# Records excerpted from a collection

◇ ◇ ◇

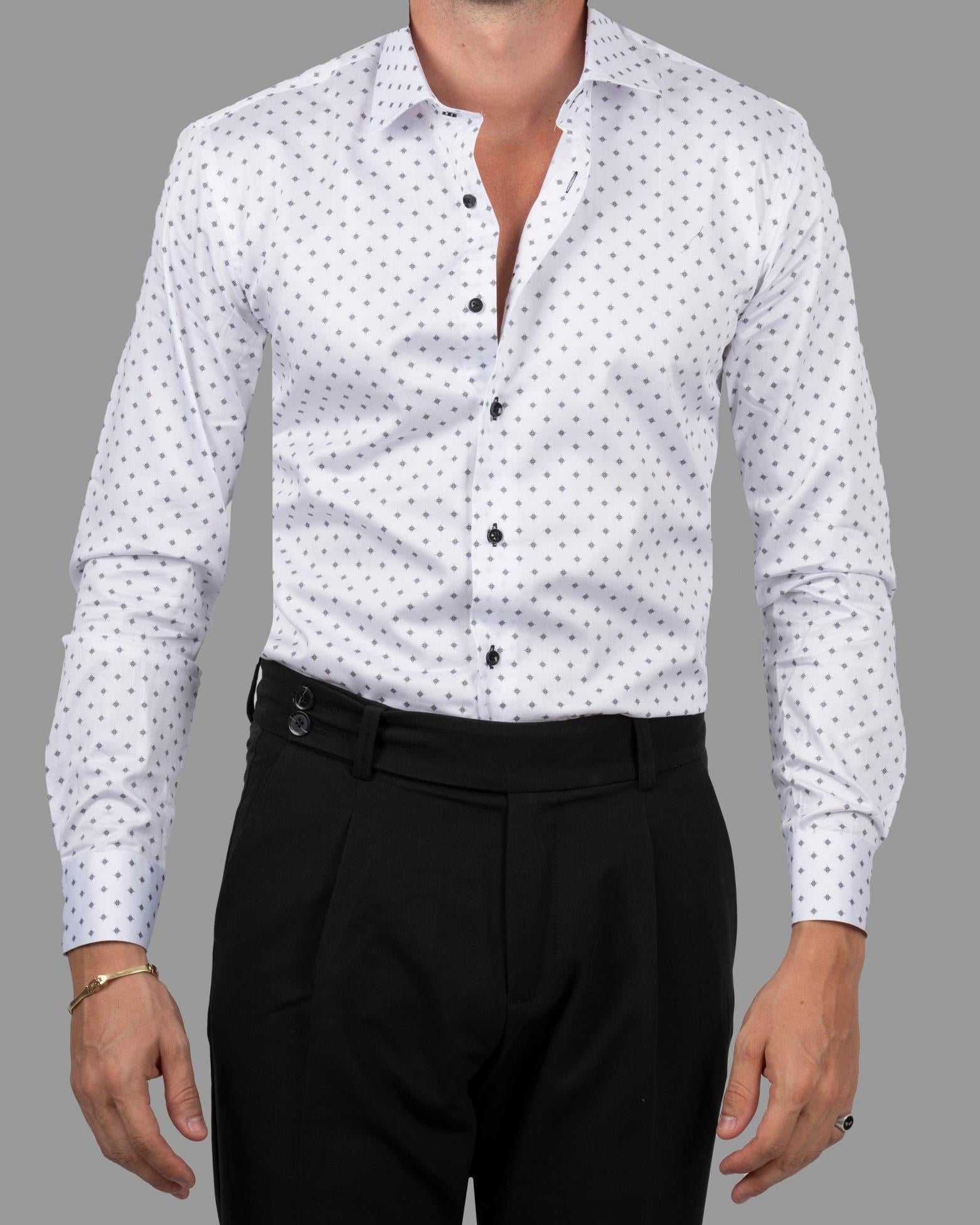 Λευκό πουκάμισο με μαύρο μικροσχέδιο σε στενή γραμμή.
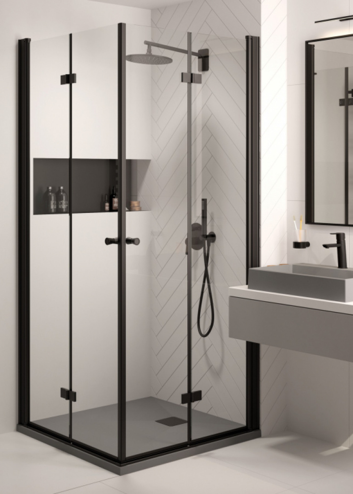 Vikbar duschdörr med svarta detaljer.
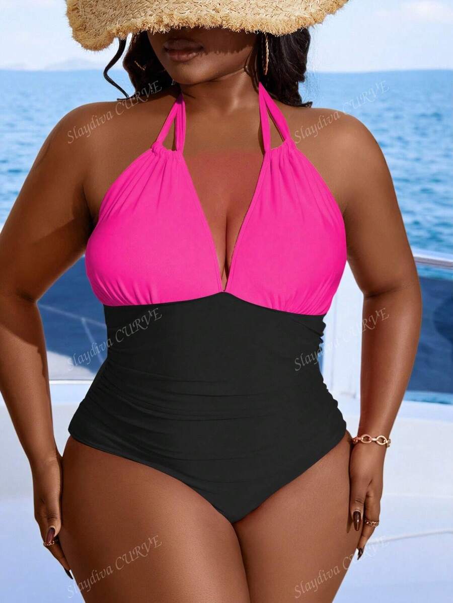 Traje de bano de una pieza con cuello de halter, plisado y bloques de color para tallas grandes para la playa de verano
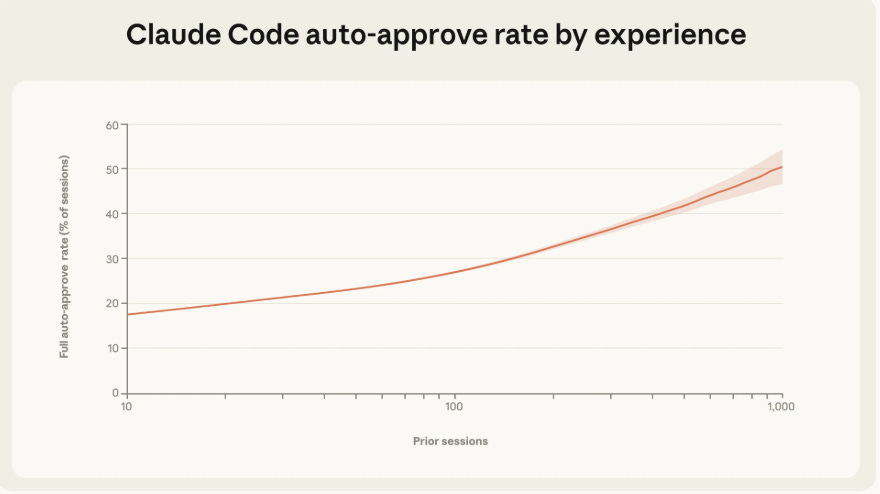 That said, as I said above and have been emphasizing for a while now, that cybersecurity needs to pivot from being a typical late adopter and laggard to being an early adopter and innovator with AI. The incentives for speed and winning outweigh the incentives for foundational security, a tale as old as time when it comes to cybersecurity. This is playing out in Anthropic’s own data, such as their recent report on measuring agent autonomy, where they found as users have more sessions with Claude, they increasingly just run it on full auto-approve, rarely stopping to interject.
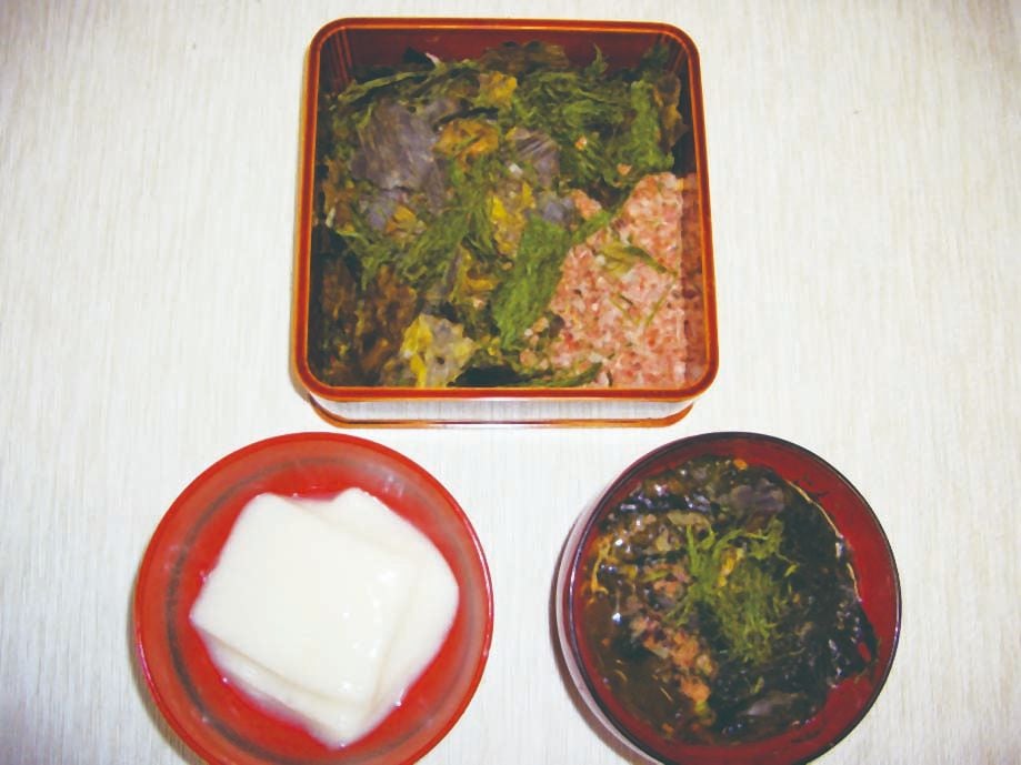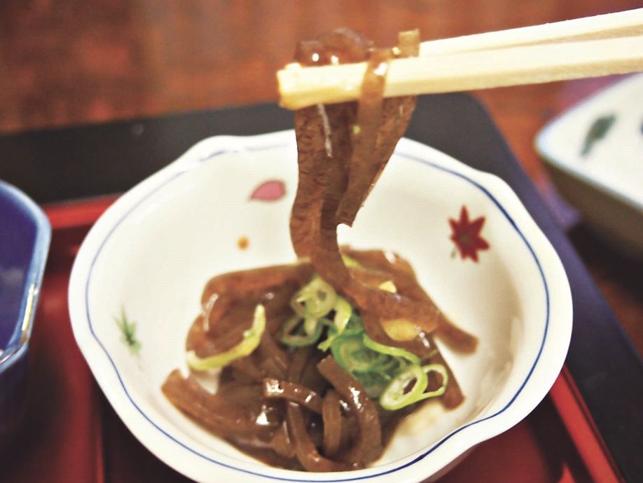 佐渡の「いごねり」は、海藻のエゴノリを煮溶かして冷やし固めたものに醤油をかけていただく郷土料理で、えごねりとも呼ばれる。旅館の朝食に毎日登場する佐渡の定番料理である。

◇ ◇ ◇

# Exercise directions
Please output, exactly as written, the lines above from the one holding "Traje de bano" through the one holding "That said, as", both included, with the pictures omitted.

# Expected output
 Traje de bano de una pieza con cuello de halter, plisado y bloques de color para tallas grandes para la playa de verano
 That said, as I said above and have been emphasizing for a while now, that cybersecurity needs to pivot from being a typical late adopter and laggard to being an early adopter and innovator with AI. The incentives for speed and winning outweigh the incentives for foundational security, a tale as old as time when it comes to cybersecurity. This is playing out in Anthropic’s own data, such as their recent report on measuring agent autonomy, where they found as users have more sessions with Claude, they increasingly just run it on full auto-approve, rarely stopping to interject.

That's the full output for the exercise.